148. Telegram From the Embassy in Greece to the Department of State 1

411. DCM called on Costopoulos in effort obtain [garble] considerations lying behind King’s letter to President Johnson (Embtel 407).2 Costopoulos said GOG would be prepared to assume obligation of negotiating NATO base after enosis. In fact, there could probably be two bases, one on Karpas Peninsula of about 50 square miles and one in Cape Greco area of about 50 square miles, totalling approximately area existing British bases. He referred also to base on Kastellorizon. Papandreou probably prepared make this undertaking in writing. Costopoulos made it quite clear he had little confidence in Makarios’ sincerity.

DCM commented information regarding location and dimensions of bases indispensable to permit USG evaluate King’s proposal and that a written undertaking on the part of Papandreou to this effect would be essential to add element of reality to situation.

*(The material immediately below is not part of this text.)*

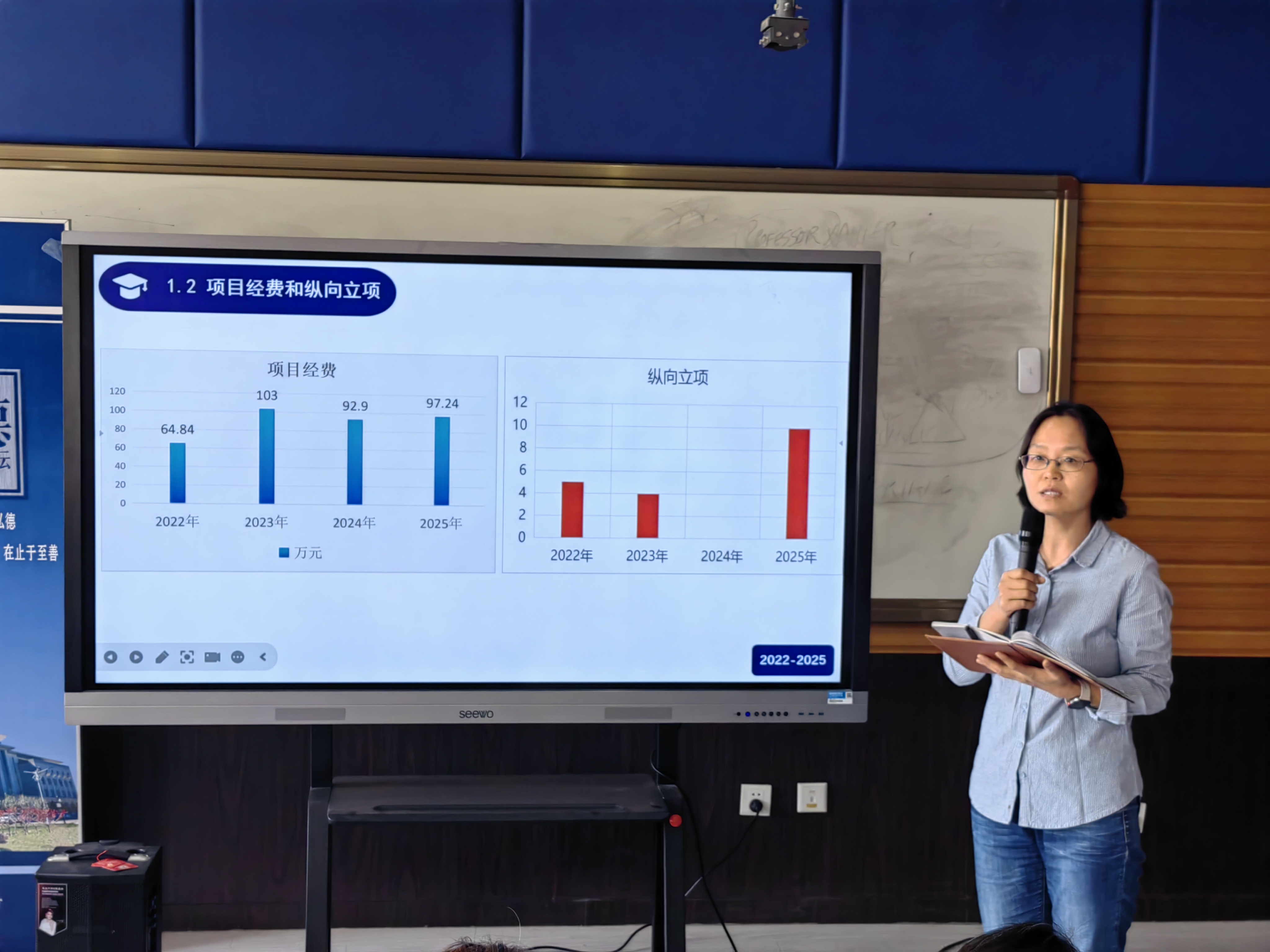 副院长刘恒丽通报了学院2022-2025年科研工作整体情况,从纵向项目立项、科研成果产出、科研团队建设、社会服务贡献四个维度做了工作总结,同时客观分析了当前学院科研工作存在的国家级项目短缺、高水平成果少、跨学科研究融合不够、青年教师科研动力有待激发等突出问题。她明确了本年度科研工作的核心目标,并针对项目申报培育、科研团队建设、科研成果激励等方面提出了具体改革举措,要求全院上下要统一思想认识,强化个人责任担当;同时完善服务保障体系,为教师申报项目、成果评奖提供全流程指导;营造良好科研生态,充分激发广大教师的科研创新活力。

Next step would be to request Grivas come to Athens, possibly tomorrow, to obtain his concurrence, at least in principle. Costopoulos implied question of precise area and location of NATO base, or bases, might not be specifically discussed with Makarios or Grivas. This aspect of solution would be undertaken only by GOG as an obligation to be discharged after enosis. GOG would, however, say publicly at time enosis proposed and Greek and Cypriot Parliaments convoked, that GOG would be prepared grant NATO base and that Makarios had concurred.

Costopoulos confided to DCM on “top secret” basis, that Kyprianou and Georkadjis had agreed to support a GOG push for enosis when the appropriate circumstances have been created. This apparently included agreement to principle of NATO base and willingness denounce Makarios in event his defection. Meanwhile some additional 500 military, “not fighters, mostly technicians” (sic), were being sent to Cyprus and other unspecified measures being taken strengthen GOG position there.

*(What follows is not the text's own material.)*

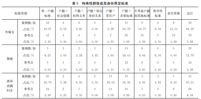赘婿。不同标准在赘婿群体的分布为:户籍+多重标准(18.03%),不考虑户籍的其他标准(9.84%),单一户籍标准(8.20%),程序性标准(6.56%),户籍+特定身份关系标准(4.92%),户籍+权利义务标准(3.28%),户籍+社会保障标准(1.64%),户籍+常住户标准(1.64%)。赘婿群体多采用户籍+多重标准,如江西省抚州市南丰县规定如果女方家庭有女无儿、儿子没有赡养能力或女儿尽主要赡养义务的,男子取得女方所在农村集体经济组织户籍且在女方生产生活的,可以取得女方所在地农村集体经济组织成员资格,如果有儿有女户给女儿招赘上门女婿或者多女无儿户给几个女儿分别招赘上门女婿的,能否取得其妻所在农村集体经济组织的成员身份,由农村集体经济组织民主议定。

DCM pushed Costopoulos hard regarding current status of Cypriot/Soviet negotiations. Costopoulos was very vague, but after further interrogation said one of principal reasons for Makarios’ visit to Cairo [Page 295] tomorrow is to make arrangements for basing of “the 15 planes” which Makarios is endeavoring to have delivered as soon as possible. Although Costopoulos declined to be precise, DCM came away with impression planes presumably of Soviet origin might be available within next week or so, and that they would be piloted ostensibly by Cypriots but actually by Greek civilians. (Comment: Garoufalias once argued that use Greek civilian pilots would provide GOG with best possible control if Makarios insisted planes be made available to GOG.)

Comment: Costopoulos explanation leaves much to be desired, and DCM tells me FonMin obviously did not appear prepared to talk of matter in any detail. I have asked to see PriMin. If GOG prepared screw up its courage, give us assurances in writing along lines King’s proposal but with more detail, and force issue with Makarios, King’s proposal probably worth serious consideration by GOT, UK and USG. GOG (assuming Grivas backing) may have in mind possibility using alleged Makarios “commitment” as justification for public break with him.

Labouisse
  1. Source: Department of State, Central Files, POL 27 CYP. Secret; Flash; Nodis-TAG. Received at 11:07 a.m. and repeated to Ankara, London, Geneva for Acheson, and Nicosia. Passed to the White House.
  2. Telegram 407 from Athens, August 26, reported that the King had won Makarios’ agreement to the creation of a NATO base on Cyprus following enosis, and government and opposition agreement in Greece for the lease of a base on Kastellorizon to Turkey. (Ibid.) The text of the King’s message to President Johnson was transmitted in telegram 408 from Athens, August 26. (Ibid.)